> **Data below**
Content starts
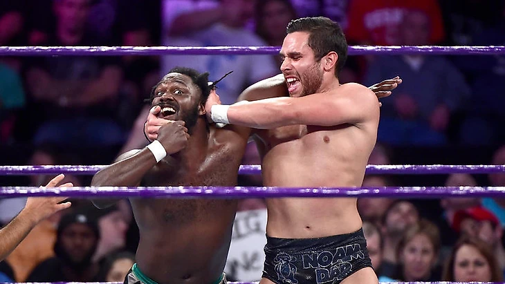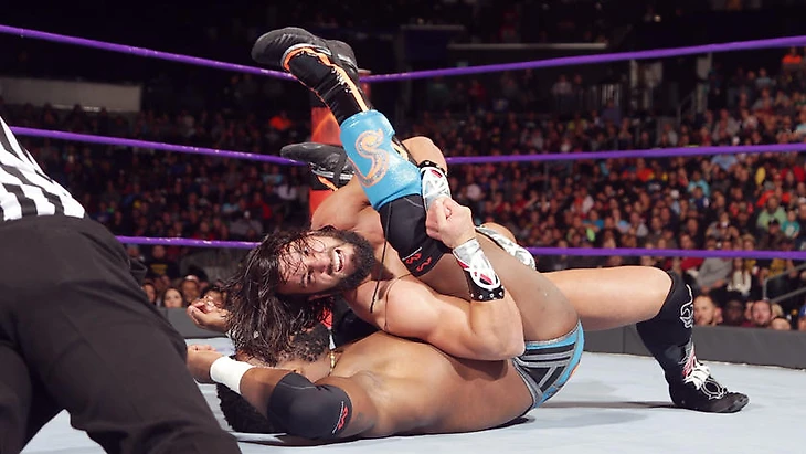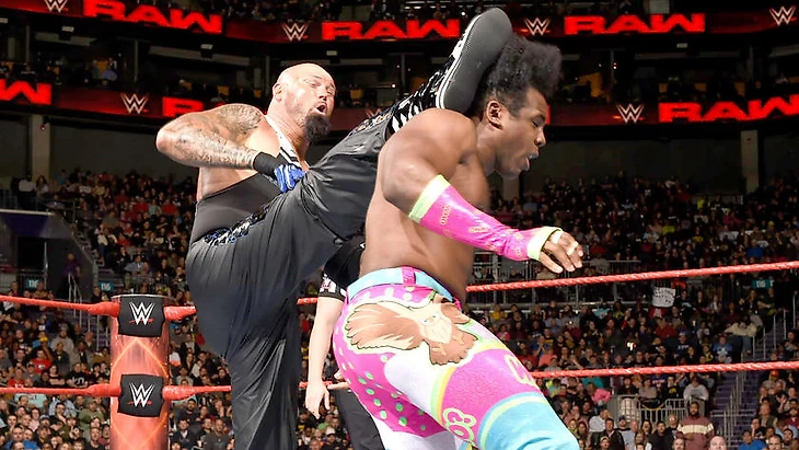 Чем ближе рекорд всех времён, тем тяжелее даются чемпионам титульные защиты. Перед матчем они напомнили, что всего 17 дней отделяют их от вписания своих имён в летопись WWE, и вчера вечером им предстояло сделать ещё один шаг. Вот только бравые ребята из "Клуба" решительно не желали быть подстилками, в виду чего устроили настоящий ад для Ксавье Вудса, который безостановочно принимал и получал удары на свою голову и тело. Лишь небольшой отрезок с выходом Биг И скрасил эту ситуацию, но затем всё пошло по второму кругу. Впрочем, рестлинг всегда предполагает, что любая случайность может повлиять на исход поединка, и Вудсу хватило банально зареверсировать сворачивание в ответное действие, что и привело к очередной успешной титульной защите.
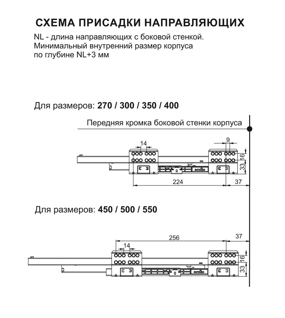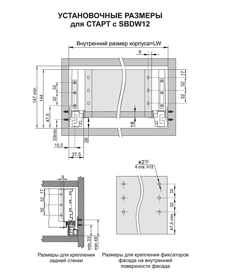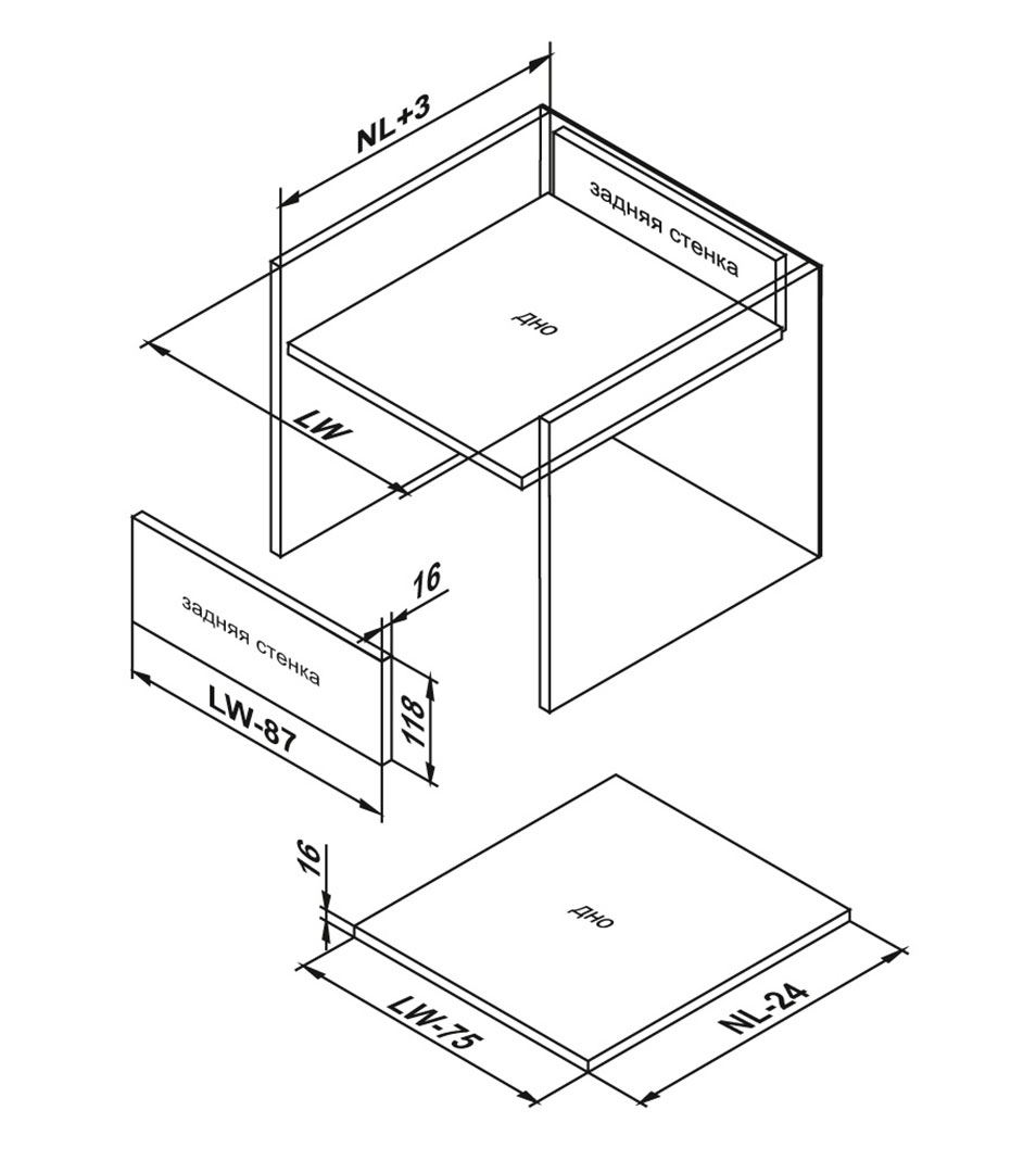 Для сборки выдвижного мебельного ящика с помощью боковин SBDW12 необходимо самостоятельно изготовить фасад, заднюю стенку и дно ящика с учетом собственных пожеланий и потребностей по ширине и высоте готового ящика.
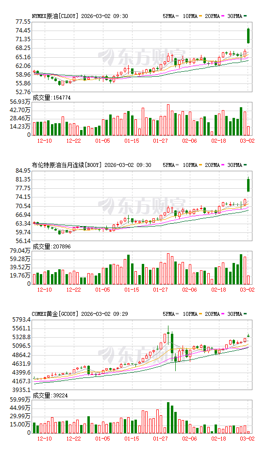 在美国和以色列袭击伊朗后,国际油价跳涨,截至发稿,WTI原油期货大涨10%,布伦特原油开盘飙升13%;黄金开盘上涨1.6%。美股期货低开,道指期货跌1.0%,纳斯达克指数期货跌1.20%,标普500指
Content ends
> **What you have to do**
Every line above should be copied exactly; do not carry over the pictures.

> **Response to this exercise**
 Чем ближе рекорд всех времён, тем тяжелее даются чемпионам титульные защиты. Перед матчем они напомнили, что всего 17 дней отделяют их от вписания своих имён в летопись WWE, и вчера вечером им предстояло сделать ещё один шаг. Вот только бравые ребята из "Клуба" решительно не желали быть подстилками, в виду чего устроили настоящий ад для Ксавье Вудса, который безостановочно принимал и получал удары на свою голову и тело. Лишь небольшой отрезок с выходом Биг И скрасил эту ситуацию, но затем всё пошло по второму кругу. Впрочем, рестлинг всегда предполагает, что любая случайность может повлиять на исход поединка, и Вудсу хватило банально зареверсировать сворачивание в ответное действие, что и привело к очередной успешной титульной защите.
 Для сборки выдвижного мебельного ящика с помощью боковин SBDW12 необходимо самостоятельно изготовить фасад, заднюю стенку и дно ящика с учетом собственных пожеланий и потребностей по ширине и высоте готового ящика.
 在美国和以色列袭击伊朗后,国际油价跳涨,截至发稿,WTI原油期货大涨10%,布伦特原油开盘飙升13%;黄金开盘上涨1.6%。美股期货低开,道指期货跌1.0%,纳斯达克指数期货跌1.20%,标普500指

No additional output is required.